Преобладающими в поэзии Веневитинова являются мотивы романтического идеализма: воспевание природы, благочестивое преклонение перед искусством, перед личностью поэта и художника. «Поэт» – одно из ключевых стихотворений Веневитинова. Тема «поэт и общество» разрабатывалась в ту пору в сугубо романтическом плане (см., например, программные декларации Кюхельбекера, стихотворения «Разговор книгопродавца с поэтом» Пушкина, «Ты зрел его в кругу большого света» Тютчева). Веневитинов дает также романтическое, «идеальное» решение темы поэта. Его поэт – «сын богов», погруженный в «высокие думы» и «священные тихие сны», резко противостоит простым, земным людям. Это вдохновенный провидец истины.

В том же ключе, что и «Поэт», написано стихотворение «Люби питомца вдохновенья…»:


Люби питомца вдохновенья

И гордый ум пред ним склоняй;

Но в чистой жажде наслажденья

Не каждой арфе слух вверяй,

Не много истинных пророков

С печатью власти на челе,

С дарами выспренних уроков,

С глаголом неба на земле.


Для Веневитинова общение с природой не всем доступно, она открывает свой покров «с таинственного чела» только «избраннику небес», «жрецу искусства» («Поэт и друг»).

Познавая тайны природы, поэт преодолевает трагизм повседневного человеческого существования, забывает «в океане красоты» «обман любви, обман свободы» («Смерть Байрона»).

Подчеркнем, что представление Веневитинова о назначении поэта расходилось с романтическими взглядами других любомудров. Поэт у него, как и у Пушкина, был не только жрецом «чистого искусства», но и олицетворял оппозицию, протест. Тема свободного поэта в условиях последекабристской действительности обречена была звучать не только романтически. Очень живо воспринимался также и мотив «толпы бездушной и пустой», этого мира,


Где взор и вкус разочарован,

Где чувство стынет, ум окован

И где тщеславие – кумир…


Показательно в этом плане стихотворение «Утешение», которое перекликается со знаменитым ответом Пушкину поэта-декабриста А. Одоевского. Веневитинов мечтает о «сильном слове», которое, вырвавшись из груди поэта, «чужую грудь зажжет», в нее «как искра упадет, в ней пробудится пожаром» (ср. «Из искры возгорится пламя» в ответе Пушкину А. Одоевского).
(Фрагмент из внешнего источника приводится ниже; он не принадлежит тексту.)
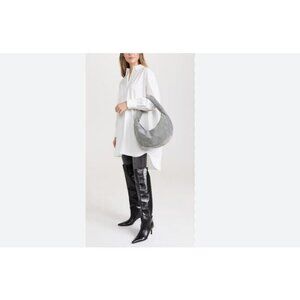 BY FAR Maxi Cush 100% cowhide leather large shoulder bag + Dust bag CEMENT SUEDE
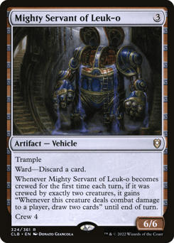 Trample Ward—Discard a card. Whenever this Vehicle becomes crewed for the first time each turn, if it was crewed by exactly two creatures, it gains "Whenever this creature deals combat damage to a player, draw two cards" until end of turn. Crew 4
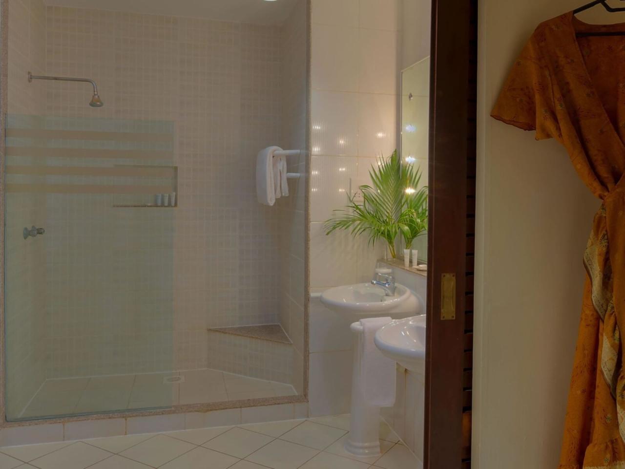 Dvoulůžkový pokoj comfort: koupelna/WC, fén na vlasy, klimatizace, TV/sat., moskytiéra, minibar, trezor (zdarma), výhled do zahrady, set na přípravu kávy a čaje, balkon nebo terasa, 30 m2.
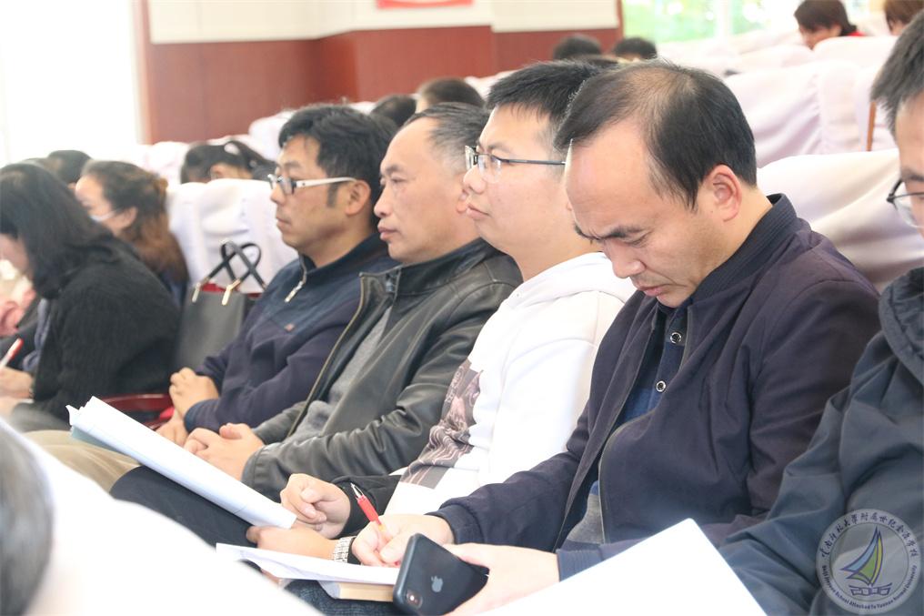肖勤主任对教研组长的发言和课赛情况做交流,他说檐牙的花枝最好看,也说每一位认真的老师最美。

Тема поэта и поэзии проходит красной нитью через всю лирику Веневитинова. Но это не означает тематической однобокости, однообразия. Стихи Веневитинова о дружбе («К друзьям», «К друзьям на Новый год», «К Рожалину», «К Скарятину» и др.), о любви (цикл, посвященный Зинаиде Волконской) содержат идеи, которые выходят за пределы мотивов любви или дружбы. Философская основа этих стихотворений так или иначе связана с темой поэта. Таково, например, стихотворение «Элегия». Оно не укладывается в традиционные рамки жанра любовной элегии. Любимая женщина причастна миру красоты и поэзии. Оттого и любовь поэта отмечена интенсивностью и напряженностью.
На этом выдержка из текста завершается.